In a space crowded with claims around artificial intelligence, what sets SOPHiA GENETICS apart is a disciplined, engineering-led approach. As Jensen Huang of NVIDIA often points out, AI is not magic, it is the product of decades of deep technical work and collaboration. True breakthroughs are built incrementally, not overnight. Since launching our platform in 2015, we have remained focused on refining performance step by step, identifying where the signal lies in complex biological data and understanding what truly brings value to clinicians. AI, in our view, is a toolbox, not a solution in itself. Its effectiveness depends entirely on how well it is applied to the right problems.
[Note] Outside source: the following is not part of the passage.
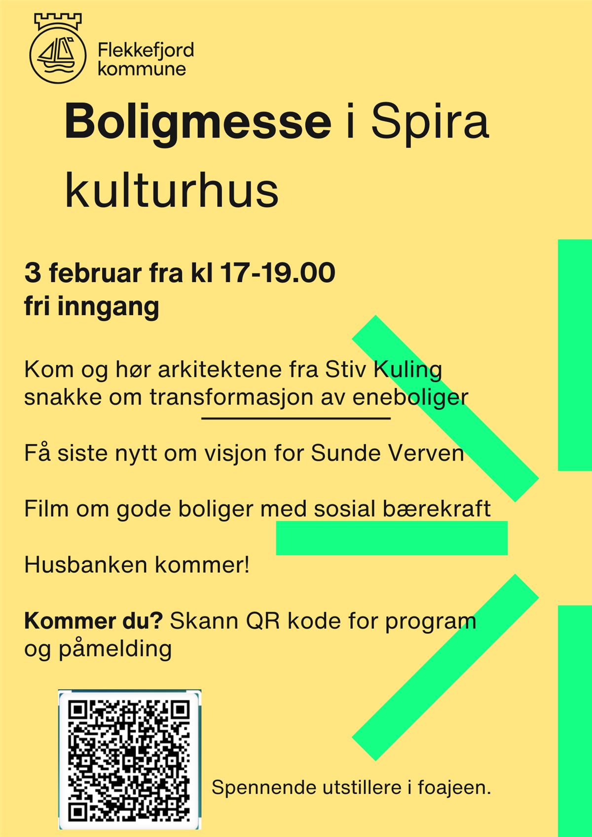 Skann QR-koden på bildet eller meld deg på via påmeldingsskjema for boligmesse på SPIRA.

There is growing hype around large language models (LLMs) and so-called “foundational models,” but the reality is that not all of these tools are suited to clinical settings. Foundational models, for instance, require transformer-based architectures. We experiment with them, but we do not use them in routine applications, as they currently offer limited added value for our use cases. What matters is pragmatism: using the right tool, not the newest one. The same principle applies to omics data. No single modality – genomics, transcriptomics, or others – is universally superior. The most appropriate input depends on the disease and clinical context. While our platform does not yet integrate every omics layer, we focus on those that offer the clearest benefit.
What differentiates SOPHiA GENETICS is not just technological capability, but our consistent, measured focus on delivering utility, ensuring each step we take leads to practical, high-impact adoption across hospitals and health systems.
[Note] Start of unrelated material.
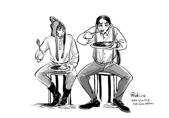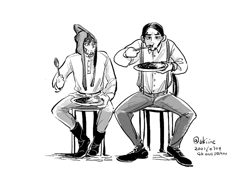 61 278 #ゴールデンカムイ版深夜の真剣お絵描き60分一本勝負 【お題】ヴァシリとボウさん🍛 21/07/05 00:18

Looking ahead, what are the strategic priorities guiding SOPHiA GENETICS’ scale-up and platform evolution?
Our model is built on incremental progress, a deliberate long-term approach. As outlined in our IPO documentation, we estimate our total addressable market at around USD 40 billion globally, spanning precision medicine and biopharma applications. In 2024, we generated approximately USD 65 million in revenue, which reflects both the magnitude of the opportunity ahead and the early phase we are still navigating. But the trajectory is clear.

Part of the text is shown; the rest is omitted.